うーん、とりあえずこれからどうしようか?
村の中央に行けば、色々見られるんだろうけど……
猟師たちも狩りに行けず、肉が手に入らないのだとニコラが言っていたなと思い出す。
まあ、森に行ったところで魔獣はいないけど……
遠出してもいいけどなぁ……それより薬草を採取してこようかな。
夕方になる前に戻ってきて、みんなに挨拶してから家に帰ればいいよね。
そう決めて、門を駆け足で抜けたら、「お、おい、待てっ!」と厳しい静止を食らった。
足を止めて見上げると、見張り台の上にいる男の人がこちらを怖い顔で見ている。
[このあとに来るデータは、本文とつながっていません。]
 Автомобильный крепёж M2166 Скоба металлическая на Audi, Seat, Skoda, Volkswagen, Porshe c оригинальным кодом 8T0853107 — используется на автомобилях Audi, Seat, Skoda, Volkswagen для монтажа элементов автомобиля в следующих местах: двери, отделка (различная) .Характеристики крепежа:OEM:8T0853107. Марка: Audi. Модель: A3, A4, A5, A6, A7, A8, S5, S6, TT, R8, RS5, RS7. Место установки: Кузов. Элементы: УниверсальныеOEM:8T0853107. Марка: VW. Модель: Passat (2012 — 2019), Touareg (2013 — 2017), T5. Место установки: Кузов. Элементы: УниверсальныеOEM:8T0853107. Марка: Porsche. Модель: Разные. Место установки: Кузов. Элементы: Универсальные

さっき村に入る時にゴーラドと話していた人とは違うようだ。
「なんですか?」
「お前、どこの子だ?」
「この村の子ではないですけど」
「親戚の家にでも遊びに来たのか? とにかく、子どもひとりで門を出ちゃならんぞ」
男の人は叱りつつ、急いで見張り台から降りてくる。ティラが、すでに門から出てしまっているのに、戻る様子がなかったからだろう。
ティラは仕方ないと、いったん村の中に戻った。
「危険な魔獣は退治されたって聞きましたよ。もう安全だと思うんですけど」
先手を取って伝えたのだが、呆れた顔をされた。
「はあっ? そんな連絡はもらっていないぞ」
そうなんだ。そして、子どもの言う事など、信じないってことだね。
こんなところで揉めるわけにはいかないので、ティラは「出してもらえないのなら、もういいです。失礼します」と頭を下げて、その場を後にした。
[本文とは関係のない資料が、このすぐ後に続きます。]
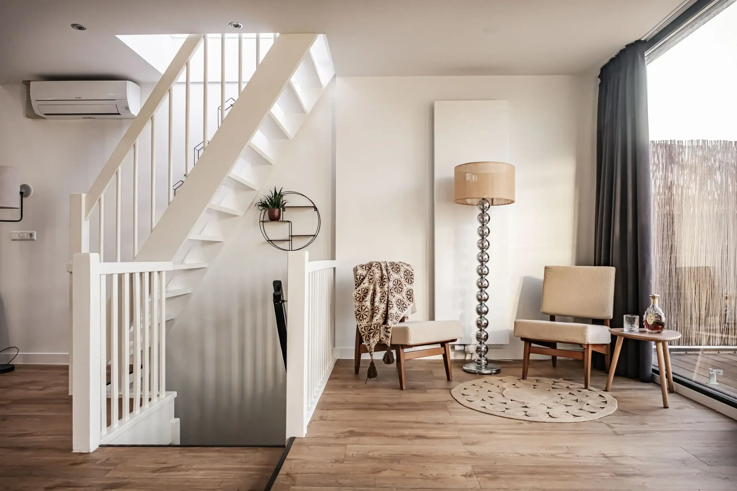 This beautifully renovated, unique duplex apartment has it all: a spacious living room with open kitchen, three bedrooms, a balcony, and two roof terraces. Experience a home where comfort, style, and accessibility come together seamlessly.

薬師さんのところに行ってみようかな? それとも、肉屋の現状を把握しに行くかなぁ。
思案しつつ歩いていたら、前方からかなりの人数の男の人たちがやってきた。ほぼ全員が武装している。その中のひとりがこちらに駆け寄ってきた。ゴーラドさんだ。
「ティラちゃん。ちょうどよかった。キルナさんは?」
「キルナさんは……」
あれっ、森に行ったって言っちゃっていいのかな?
キルナさんは、あの門から出たんだろうか? キルナさんは強そうだから、スルーしたのかな?
「出かけてて……居場所は分からないです」と言うにとどめる。
「そっか。なら、ティラちゃん、魔獣の残骸があるところまで案内してくれるか?」
「ゴーラド、この子は?」
立派な鼻髭を蓄えた老齢の男の人が、前に出てきてゴーラドに尋ねる。
「俺の冒険者パーティーメンバーの、ティラです。ティラ、こちらは村長だ」
他にも大勢いるが、全員紹介する必要もないだろうと省いたようだ。
村長とだけ挨拶し合い、他の人たちにはお辞儀しておいた。
「君も冒険者なのかね?」
「はい。まだFランク+5ではありますけど」
「ほお。まだ若いのに、たいしたものだ」
おっ、この村長さん、わかってるじゃないか。
「ティラ殿。それでは、さっそく案内を頼もう」
「了解です」
ティラは大勢の男どもを引き連れ、先ほどの門に辿り着いた。また見張り台の上に戻っていた男の人は、慌てて降りてくる。
「どうしたんですか? まさか、これから討伐に向かうんですか?」
「いや。実はな、ゴーラドがすでに魔獣は退治されたと言うんだ。確認のために現場に向かうことになった」
男の人は驚き、ティラに向いて顔をしかめる。
「本当だったでしょ?」
ふふん、とばかりに言ってやったら、男の人はㇺッとした。
「ティラちゃん、ガンスと何かあったのか?」
この人、ガンスって言うのか? ゴーラドさんとかなり親しいようだ。
「さっき門を通って外に出ようとしたら、危険だからって止められたんです。もう魔獣はいませんよってお伝えしたんですけど、信じていただけなくて」
「ゴーラド、本当に魔獣は退治されたのか?」
「ああ。俺のパーティーメンバー、このティラちゃんとキルナさんのふたりでな」
「はあっ? この娘っ子が? おいおい、こんな時に、バカな冗談はやめろよ」
「お、おい。ガンス、言葉をわきまえろ」
「そうだぞ、ガンス。村の恩人に失礼なことを言うでない!」
ガンスを叱り飛ばした村長は、とにかく討伐の証を見たいと急かしてきた。
道案内しなければならないので、ティラが先頭になり、川沿いを歩いて行く。
ゴーラドは最後尾をガンスと並んでついてくる。
村長さん以外は、魔獣が退治されたという話を信じ切れていないようで、みな戦々恐々としているようだった。